The fact that he essentially learned to speak the language on the fly is sensational enough, but his wire walking training is visibly as notable, too (he actually trained with the real life Philippe Petit). The actions of Philippe Petit throughout this film are undeniably brash – and that’s half the fun right there. He’s either confident or insane, depending how you perceive hire wire performers. Nevertheless, Levitt, best known for his roles in The Dark Knight Rises and Looper, conveys Petit’s ambitious in a true, authentic fashion.

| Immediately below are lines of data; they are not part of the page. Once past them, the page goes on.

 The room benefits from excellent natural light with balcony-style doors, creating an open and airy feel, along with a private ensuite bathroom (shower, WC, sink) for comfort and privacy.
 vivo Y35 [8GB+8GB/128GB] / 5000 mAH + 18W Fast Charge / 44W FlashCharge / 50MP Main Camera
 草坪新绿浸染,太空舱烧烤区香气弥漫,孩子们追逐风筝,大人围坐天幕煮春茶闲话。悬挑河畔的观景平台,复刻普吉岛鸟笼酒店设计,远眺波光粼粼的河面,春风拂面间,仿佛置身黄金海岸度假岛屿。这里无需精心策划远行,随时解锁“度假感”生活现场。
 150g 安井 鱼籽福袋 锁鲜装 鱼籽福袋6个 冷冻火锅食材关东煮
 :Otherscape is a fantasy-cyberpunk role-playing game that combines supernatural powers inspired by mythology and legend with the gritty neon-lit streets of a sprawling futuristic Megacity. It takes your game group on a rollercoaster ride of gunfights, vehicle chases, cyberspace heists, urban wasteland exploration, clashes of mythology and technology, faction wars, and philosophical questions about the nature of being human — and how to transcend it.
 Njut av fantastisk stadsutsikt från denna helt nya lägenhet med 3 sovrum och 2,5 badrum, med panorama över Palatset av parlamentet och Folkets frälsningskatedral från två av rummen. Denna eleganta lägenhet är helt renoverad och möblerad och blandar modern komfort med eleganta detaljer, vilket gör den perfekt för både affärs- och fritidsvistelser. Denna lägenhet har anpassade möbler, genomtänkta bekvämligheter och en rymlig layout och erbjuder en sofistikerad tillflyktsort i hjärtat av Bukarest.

Levitt’s rendition is full of vigor and surreal motivations – proving once more that he’s on the cusp of becoming a fullblown Hollywood superstar. Aside from Gordon-Levitt’s majestic performance, the supporting cast is nowhere near as effective – mostly due to the fact that the star of the film (and story) rightfully dominates the attention. Still, Ben Kingsley and Charlotte Le Bon contribute sporadically, and attempt to add emotional dimensions to Petit’s character.

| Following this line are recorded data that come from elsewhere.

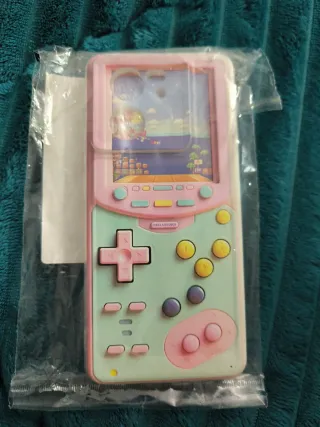 Funda para móvil Xiaomi 13T con un divertido diseño retro inspirado en una Game Boy. Sin abrir. - Color principal rosa y verde menta. - Detalles de botones y pantalla de consola. - Acabado mate.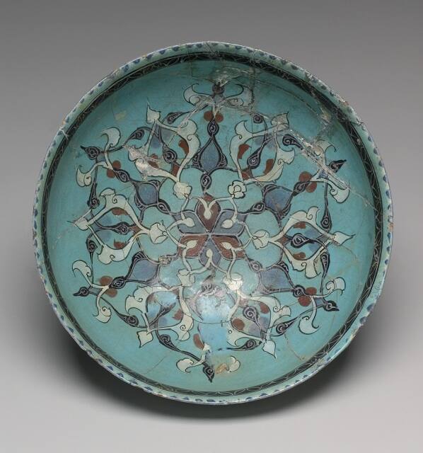 The decoration of this vessel demonstrates the pervasiveness of early Islamic designs in the eastern Islamic lands. The inside of the bowl is painted with interlocking palmettes and split-leaf arabesques that create a repeating hexagonal pattern radiating from the center. Turquoise glaze is frequently used in Islamic art at this time in the production of ceramic wares and glazed architectural tiles.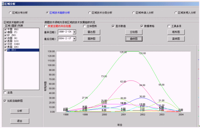從圖1分析,98-2004年該領域技術發(fā)展大致分為3個周期,即98-2000年、2001-2003年、2003-2004年。目前正處于第三個周期后期。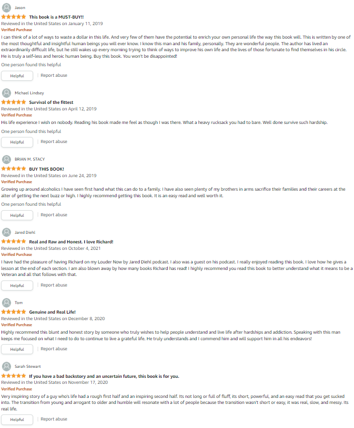 Not all stories that start sadly end that way... Richard shows a true warrior spirit in kicking his addictions and turning his life around. Found out some new things about the author whom I know, and now have more respect for this man I’m proud to call a friend.
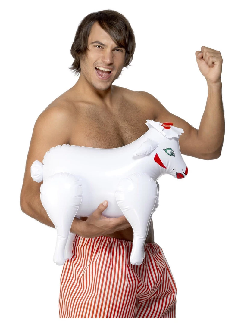 Get to the hen party tonight! Here is a prop of inflatable sheep that can be used for hen and other parties. The white sheep can bonk baa baa and is a real fun in parties. Surprise your guests with this animal prop.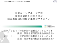 本発表では、多様な障害者を対象とした16年間(2008年度から2023年度まで)の長期縦断調査(パネル調査)により、職業サイクルの全過程にわたる状況を把握した結果について報告する。障害者の就業・生活の実態が年齢を重ねることでどのように変化したかについて世代別・障害種類別に集計したことから、長期的な視点から障害者の職業人生における変化への適応を支えることの重要性が示唆された。

And, although romance, friendship, and any other bond of that sort is left on the outskirts, try to keep in mind that The Walk is a film that’s more about the visuals and viewer engagement than anything else. From the moment the first trailer dropped, you could tell The Walk was going to be a special movie viewing experience. Quick scenes from the film were enough to send chills of nervousness and unease down your spine – stemming from brief glimpses of Joseph Gordon-Levitt’s character attempting to walk a high wire between the Twin Towers of the World Trade Center.

Those particular instances in the trailer don’t begin to prepare you for what’s in store as this film progresses towards the momentous occasion. The tension will unquestionably consume you leading up to Philippe’s first steps above the streets of New York City, and by the time all is said and done, the odds of you clinching your arm rest at one point or another is pretty great – as is the likelihood of your walking away from this viewing experience with sweaty palms.

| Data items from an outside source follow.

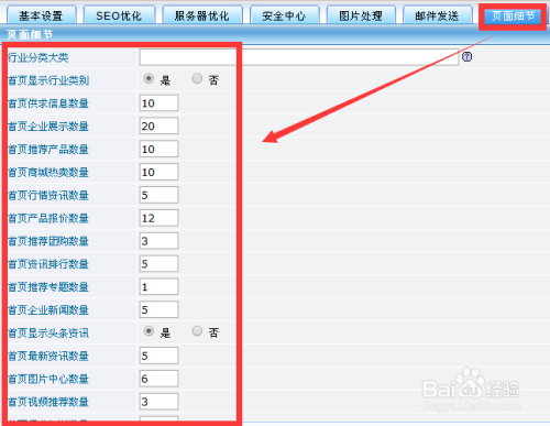 页面细节设置,这里是设置首页的功能模块的显示数量。根据自己需要设置即可。
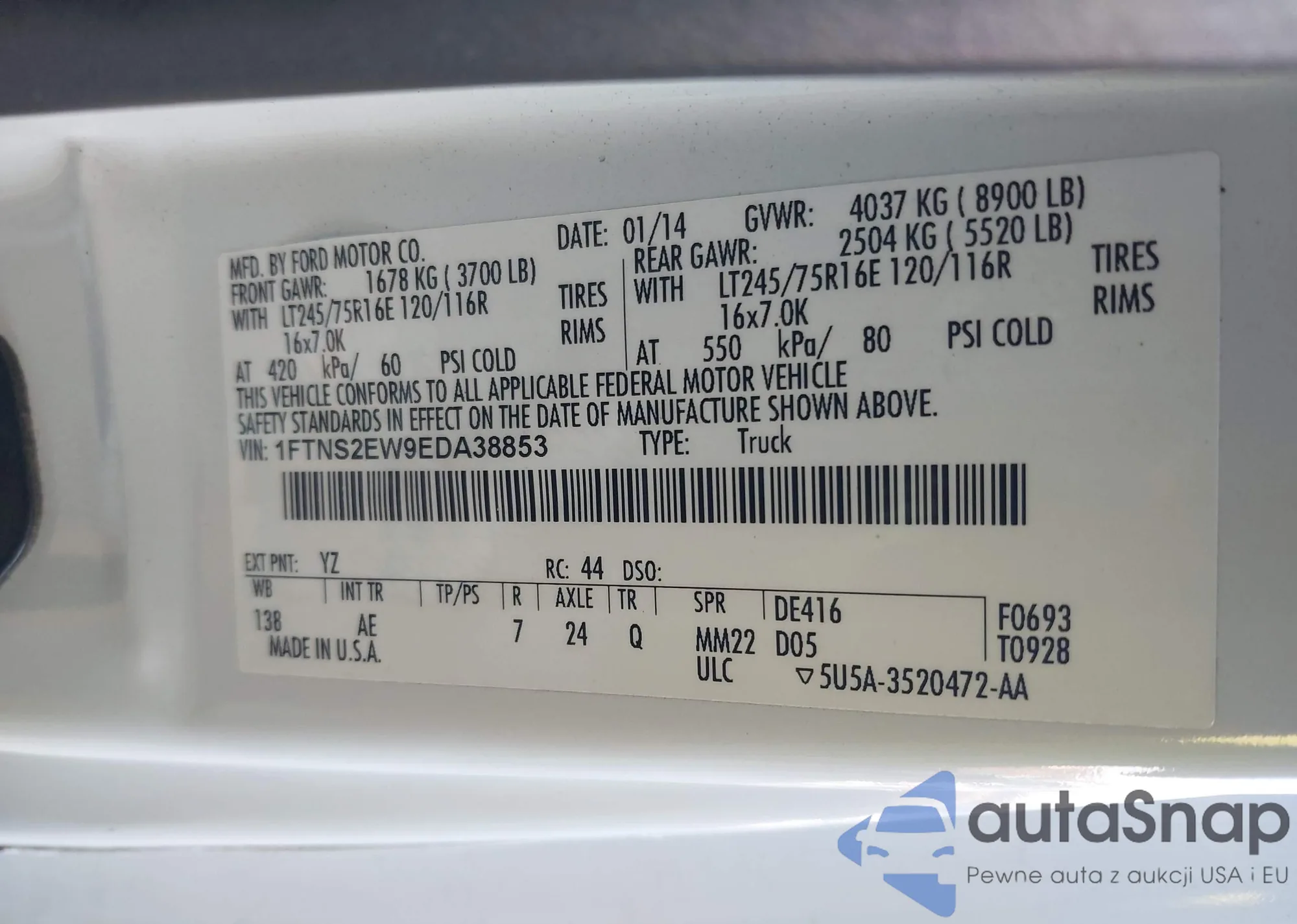 • VIN: 1FTNS2EW9EDA38853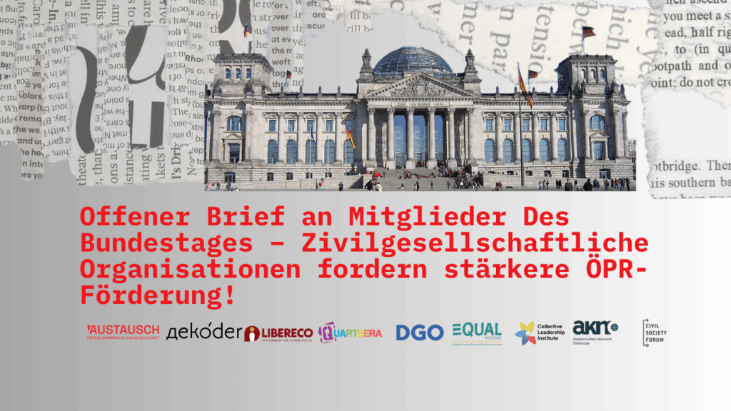 In einem offenen Brief an Bundestagsabgeordnete machen wir deutlich: Eine kluge Außen- und Sicherheitspolitik braucht mehr als Diplomatie und Verteidigung – sie braucht starke zivilgesellschaftliche Partnerschaften in Osteuropa, dem Südkaukasus und Zentral- und Nordasien.

Early reports are even indicating that several viewers are experiencing cases of nausea – due to either motion sickness from the camera angles (keep in mind, 3D has plenty to do with it) or that empty feeling you get in your stomach, sort of comparable to how you feel when you’re riding a roller coaster. And, before you ask – yes, the IMAX 3D experience is potent and realistic enough to leave you feeling anxious and speechless.

Keep in mind that this event took place in 1974, so it’s not like director Robert Zemeckis – for as brilliant as he is – could use the current New York landscape. As a result, the shots are riddled with CGI, yet that doesn’t make the experience feel any less real when you’re starring down at the street from this digital vantage point. Your eyes will tell you the visual effects are doctored – but that won’t necessarily put your mind at ease, since the film is based on a real-life event.

Overall, The Walk is a visual and emotional thrill ride that is almost beyond words of description. The thought of a man walking on a wire 110 stories (more than 1350 feet) in the air without a safety net is mind-bending, and rightfully forces you to question such a person’s sanity. But, Philippe Petit isn’t insane – he simply had a dream, and Joseph Gordon-Levitt, with the help of the masterful Robert Zemeckis, brings that dream to the big screen in a grandiose manner.

In the end, The Walk is worth every single cent of its admission cost, regardless of how you choose to view it. With that said, IMAX 3D is certainly the best option – because watching it in 2D will diminish the effects significantly. Regardless, the story stands on its own merit in terms of entertainment value – and despite a lengthy build-up, the climactic pay-off more than makes-up for the long wait. The final scene is also quite touching and emotional, too – and because it involves the gone-but-not-forgotten Twin Towers, I’m sure you can imagine its impact.